Why your eyes dart around when you're dreaming
The vivid, bizarre images that infuse dreams are formed when people make the darting, rapid eye movements characteristic of a certain stage of sleep, new research suggests.
The findings confirm a long-held scientific hypothesis that such rapid eye movements during sleep reflect a person viewing their dream-world in the same way that they would take in a scene when awake.
"There was this idea that we scan the dream image, or the mental image when we dream," said study co-author Yuval Nir, a sleep researcher and neuroscientist at Tel Aviv University in Israel. "But it's been very difficult to prove it." [7 Mind-Bending Facts About Dreams]
What dreams are made of
The mystery of why humans dream has long fascinated scientists and philosophers. Are dreams hints of a person's deepest, most subconscious longings, as Sigmund Freud proposed? Are they the way the brain works out real-life problems? Or are dreams the day's mental debris, which the brain sweeps up every night as a person slumbers?
Despite years of study, scientists had few answers about this mysterious space between sleep and wakefulness. For about 60 years, researchers knew that people dreamed during the rapid eye movement (REM) phase of sleep. Many hypothesized that the darting of the eyes corresponded to people "seeing" images in their dreams, but there was no way to know for sure, Nir said.
But then Nir and his colleagues found a unique way to test out the idea. Some people with epilepsy continue to have many seizures despite medication, and instead must have electrodes implanted in their brains. The electrodes send small electrical jolts to the parts of the brain responsible for the seizures, and often the treatment completely eliminate the seizures, Nir said.
But the electrodes can also detect and record the electrical firing from individual neurons, or brain cells.
Sight in sleep
So Nir, Dr. Itzhak Fried, a cognitive neurophysiologist at UCLA, and their colleagues asked 19 people who were having brain implants for epilepsy if they would also be willing to have some of their brain activity recorded while they slept. [Top 10 Mysteries of the Mind]
The brain recordings revealed that every time the dreamers moved their eyes, neurons in the medial temporal lobe of the brain showed a burst in activity, the researchers reported last week in the journal Nature Communications.
In past studies, Fried had found that the medial temporal lobe lit up when people looked at images of famous people and places, such as the Golden Gate Bridge or Jennifer Aniston; simultaneously, they also made eye movements similar to those found during REM sleep. In 2010 Fried and his colleagues published a paper in the journal Nature showing that neurons in this brain region were under voluntary, conscious control when people were awake.
The new study finally confirms the long-held hypothesis that eye movements during REM sleep correspond to people visualizing imagery in their dreams, said Dr. J. Allan Hobson, a psychiatrist and sleep researcher at Harvard Medical School in Massachusetts, who was not involved in the current study.
Many other parts of the brain were also active during REM sleep, and the team still isn't sure how those brain regions are involved in dreaming, Nir said.
Theoretically, researchers could one day read someone's dream activity using brain-firing data, determining whether the person was visualizing, say, an adorable kitten versus a scary monster. To do that, researchers would have to record someone's brain cell-firing signals during sleep, and then wake the person up to ask about the dream that individual was having.

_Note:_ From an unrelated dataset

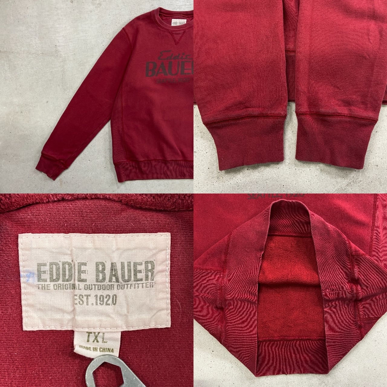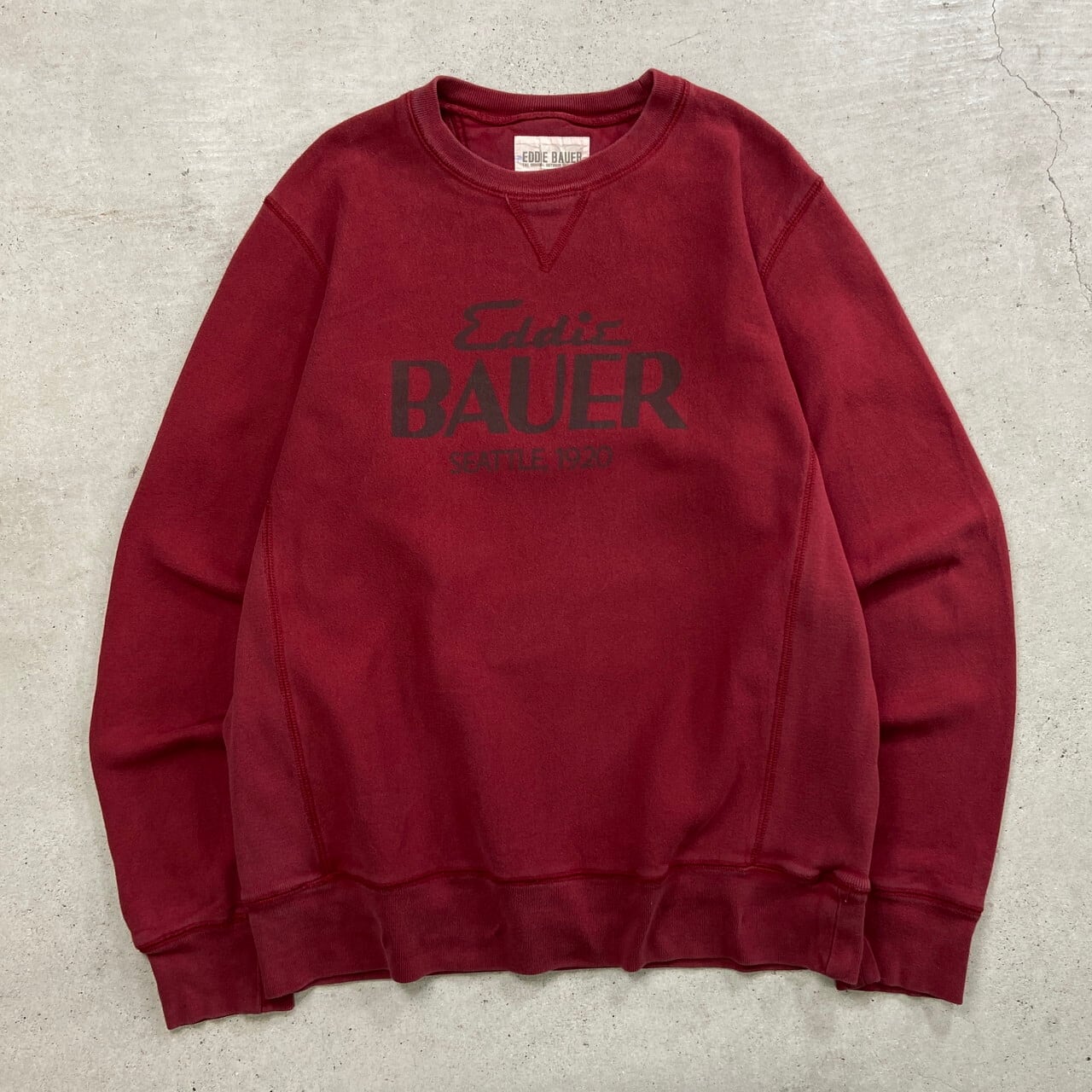 Eddie Bauer エディーバウアー ブランドロゴプリント スウェットシャツ リバースタイプ メンズXL 古着 アメカジ 前Vガゼット アウトドア 裏起毛 えんじ ボルドー【スウェット】/ワインレッド【SS50-AW】

They would also need to collect data on the brain's electrical firing signals when the person viewed those same images during wakefulness.
"This is the Holy Grail that we'd like to do someday," Nir told Live Science. "The only thing is, it's quite challenging to collect dream reports in this particular setting."
After all, people undergoing brain surgery are already stressed about their health and are distracted by other concerns; waking them up in the middle of the night would be too intrusive, Nir said.
Purpose of dreams?
Though the study focuses on the mechanics of dreaming, it has other implications, Hobson said.
"I think this data is just another nail in the coffin in the idea that dreaming is a sort of symbolic distortion of past activity," Hobson said, referring to Freudian ideas that dreams have symbolic significance that must be interpreted.
Instead, because the same types of visual activity are under a person's conscious control when the individual is awake, the dream-state brain-cell firing "shows very clearly that dreaming is a form of consciousness," Hobson said. "You might call it an altered state of consciousness, an alternative state of consciousness."
As for the purpose of dreams, that is still an open question, Hobson said.